With each passing day and every rise in cases, it seems hospitals will have a harder time making space in the chaos to deliver vaccines to their workers, especially since the shots will likely need to come in shifts so as to stagger staff days off due to side effects.

Cleveland Clinic Florida hospitals including Indian River still had adequate bed capacity on Monday, but in all but one of its Ohio hospitals, Cleveland Clinic suspended all non-essential inpatient surgeries requiring a hospital bed or ICU care until Jan. 4.

“We are currently experiencing the highest volume of patients with COVID-19 since the start of the pandemic,” the system stated in a news release about the Ohio decisions. “With these steps, we are proactively making more beds available to accommodate what we anticipate will be a continued increase in COVID-19 patients needing hospitalization.”

The move came as Cuyahoga County, where Cleveland is located, ordered more refrigeration units, in anticipation not of the vaccine, which needs to be kept cold, but of an increase in bodies.

While prioritizing the elderly reflects a humanitarian belief, inoculating long-term care residents will also have the effect of keeping them out of the hospital, freeing up beds and workers for others with the disease.

In nursing homes alone – not counting assisted living – there have been 500,000 cases of COVID-19 and 70,000 deaths.

As of press time Monday, it was not known how many doses from Pfizer’s first batch of the vaccine, should it be authorized this week, are destined for Indian River County.

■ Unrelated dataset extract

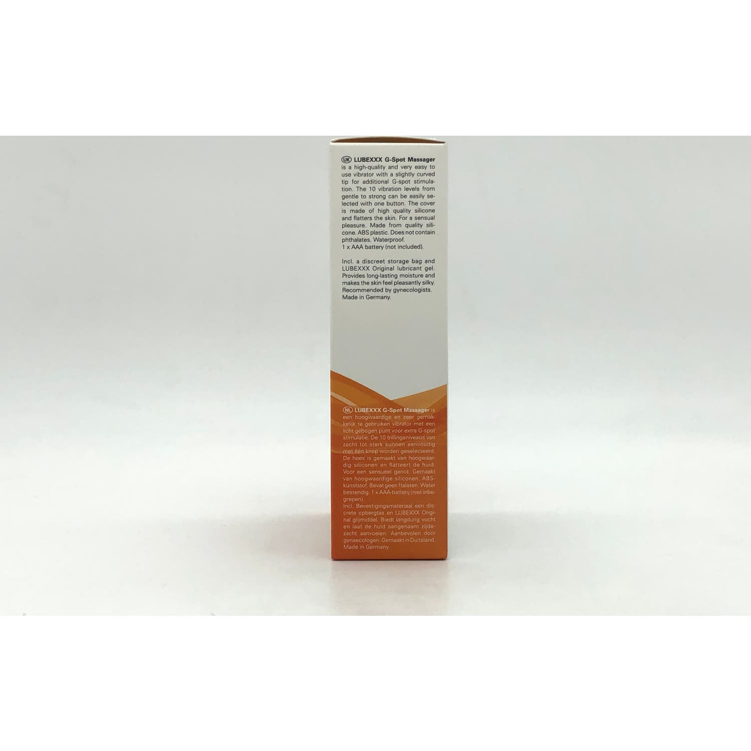 Incluye muestra de lubricante Original LUBEXXX. Las ventajas de su producto LUBEXXX G-Spot: Vibrador potente y silencioso. Con 10 excitantes niveles de vibración. Punta curva para la estimulación del punto G. Muy fácil de usar. Muy cómodo de llevar.

An ultra-cold freezer, bought with county CARES Act funding, won’t arrive at the health department until mid-January.

In the meantime, vaccines will be stored at five major Florida hospitals designated as distribution hubs, including AdventHealth in Orlando, the closest to Vero. The other hospitals are Tampa General, UFHealth Jacksonville, Jackson Memorial in Miami and Memorial Regional Hospital in Hollywood.

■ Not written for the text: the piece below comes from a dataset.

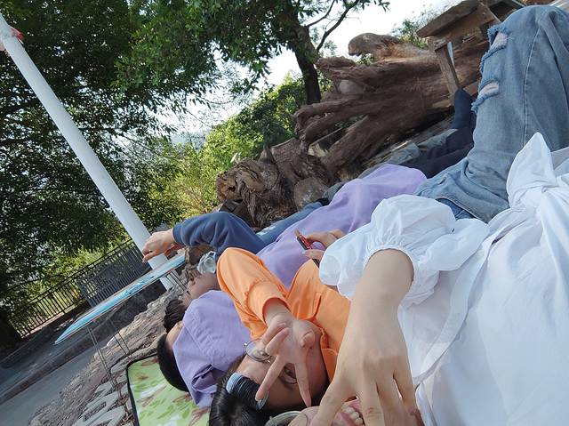 在一个停车场等朋友上完课去玩,因为太阳有点大所以我们在树荫下躺着

In Ohio, Cleveland Clinic is one of 10 distribution hubs in the state.

In the Florida system, Dr. Greg Rosencrance, president of Cleveland Clinic Indian River, said plans have been underway “for several weeks” to determine how to distribute the vaccine. “That includes ensuring we have freezers at our Weston, Martin Health and Indian River locations that can accommodate requirements for vaccines that require cold storage,” he said.

“Cleveland Clinic is closely monitoring the progression of potential COVID-19 vaccines,” he said. “We are working with federal, state and local authorities, as well as area hospitals on distribution plans, including how the FDA-approved vaccines will be received and distributed and the order in which people may receive the vaccines.

”As part of its planning process, Cleveland Clinic also is developing policies related to the vaccine and caregivers,” Rosencrance added.